Notice how the market behaved at the .382 level (30.80 area). Initially the market spiked through, then fell back to that level (late October). We cannot expect a chart to retrace at every Fib level. We can expect some support/resistance as buyers/sellers enter the market at these levels, but we can't always predict whether the market will actually turn at any particular level.
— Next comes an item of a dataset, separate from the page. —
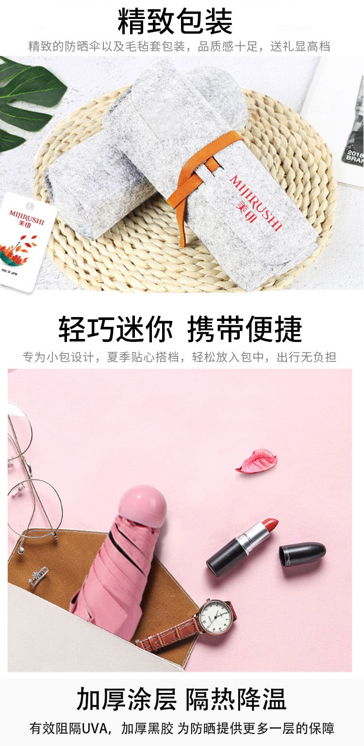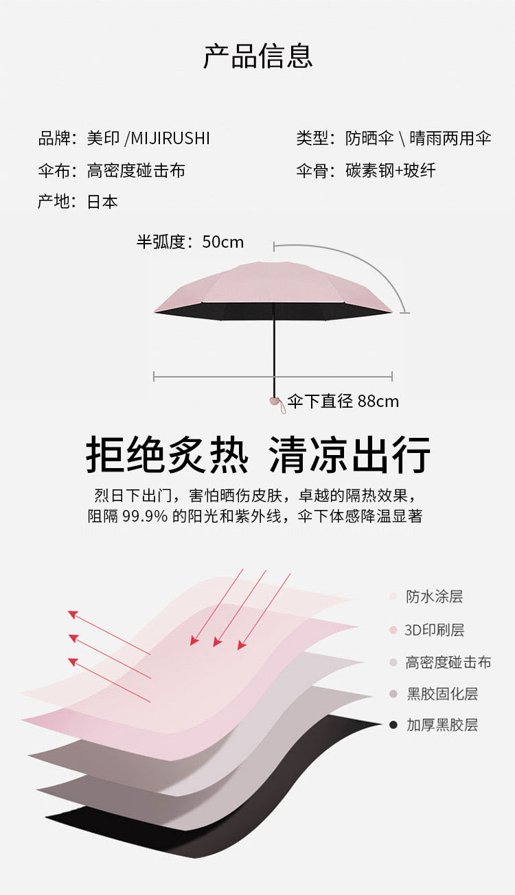 日本Mijirushi/美印 迷你超轻黑胶纯色晴雨两用防晒伞 可爱日系清新系列 静谧蓝pcm-104
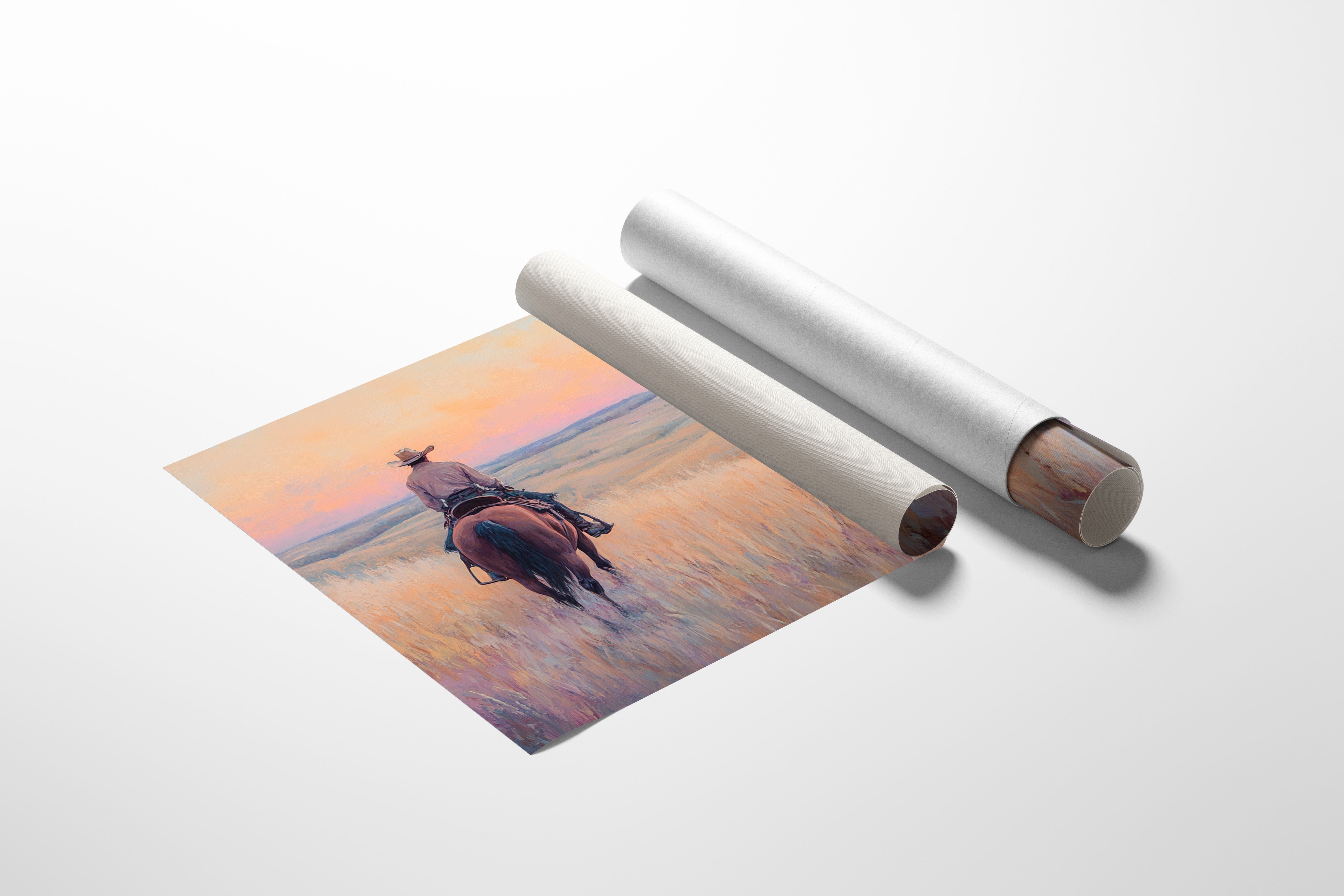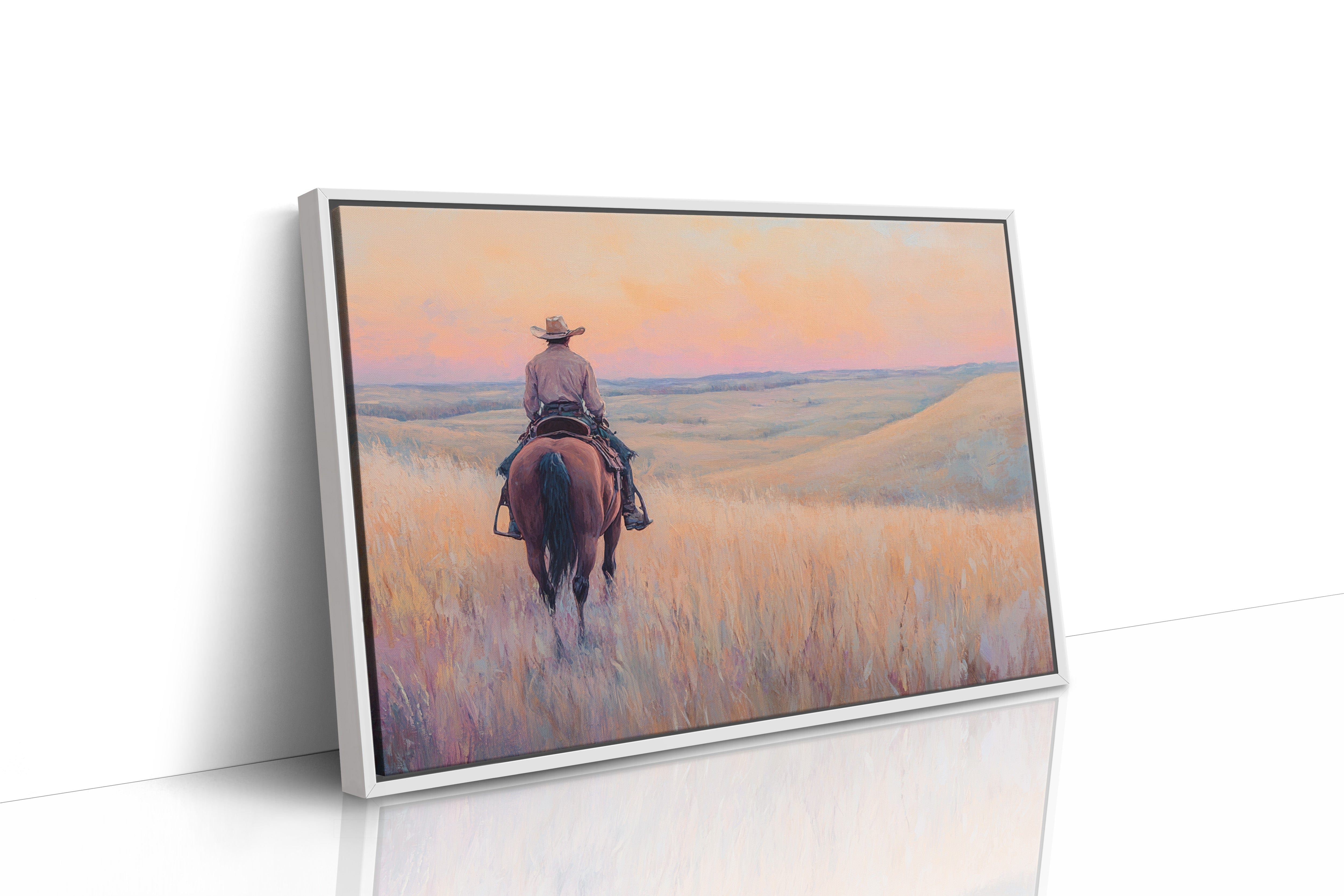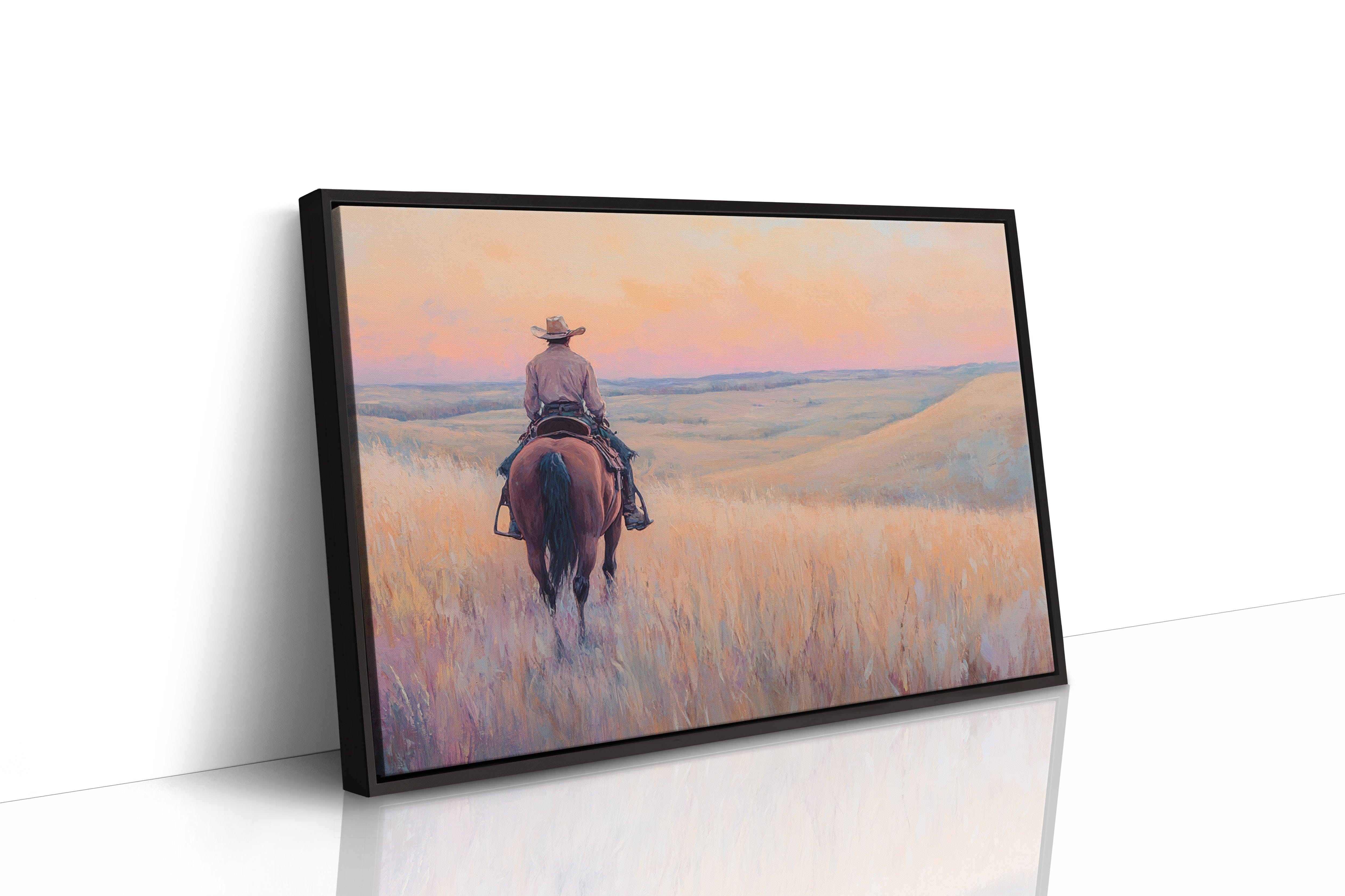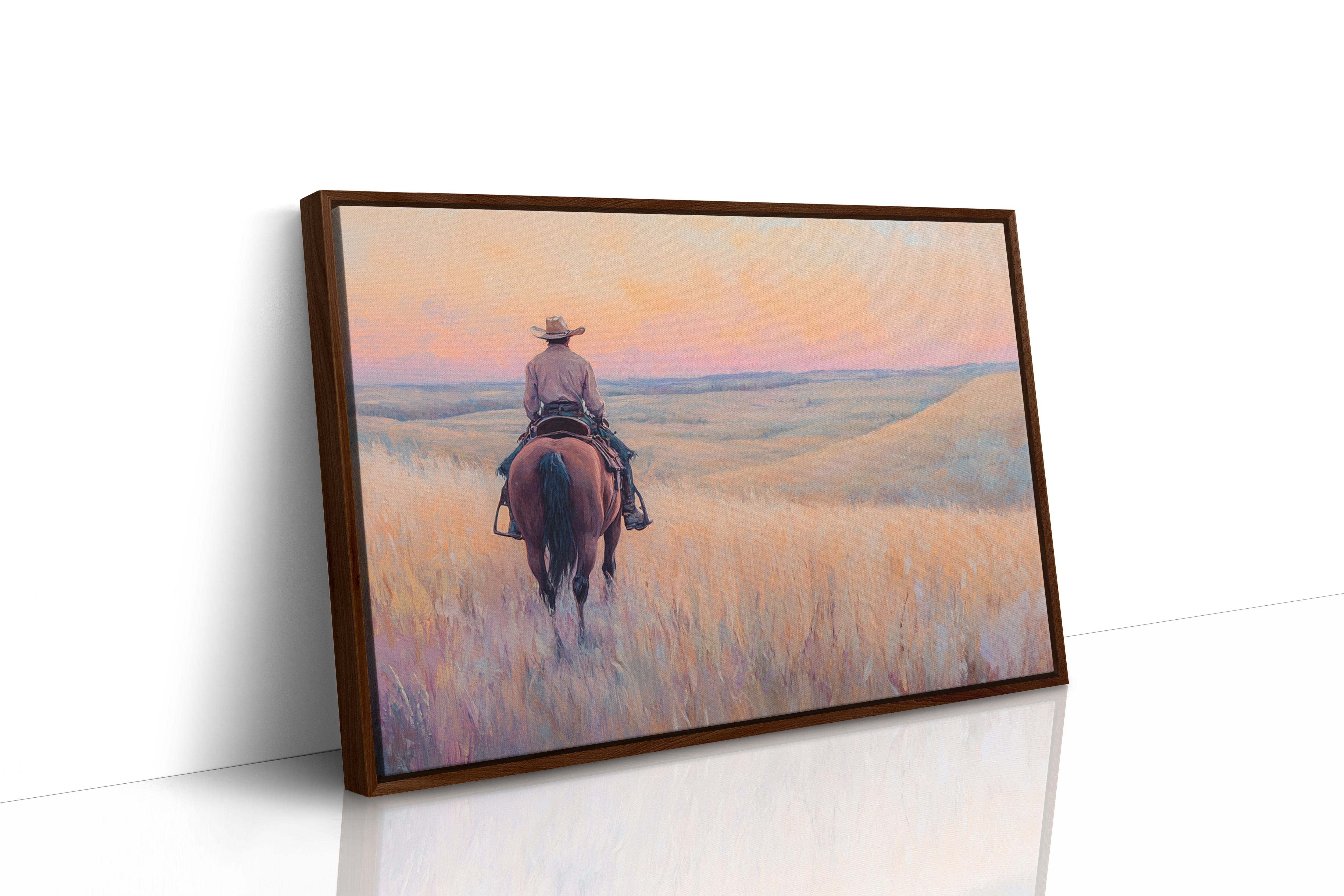 A cowboy rides into golden hills as dusk spills lavender and rose across the open prairie. This quiet moment captures the peace found in wide-open spaces and the sense of endless possibility on the horizon. A soulful tribute to the stillness of solitude and the pull of the West.

Fibonacci techniques are used to alert you to a possible trade, if that price level does cause support or resistance. These techniques are not used as a trigger for entry. Other indicators are used in conjunction with Fibonacci studies to provide higher-probability entries..
 (Click to see chart.)
As mentioned before, there are several Fib levels, .236, 50, .382, .618, .764, 1.382, 1.618, 2.618, 4.236, and 1.00 .. So there are several places to look for a market turn. They can be calculated in advance, but trading blindly at a fib level can be dangerous, because you never know for certain (in advance) whether the market will turn at any particular Fib level. I use other indicators to help overcome that problem, click here to learn how to determine which Fib ratio is likely to be strong enough to turn the market.
Important notes from this lesson:
1) There are several Fib levels.
2) It takes some skill to determine which Fib level is likely to cause the market to turn.
3) There are some techniques to help you determine where a market is more likely to turn.
4) Do not blindly anticipate a market turn at a Fib level.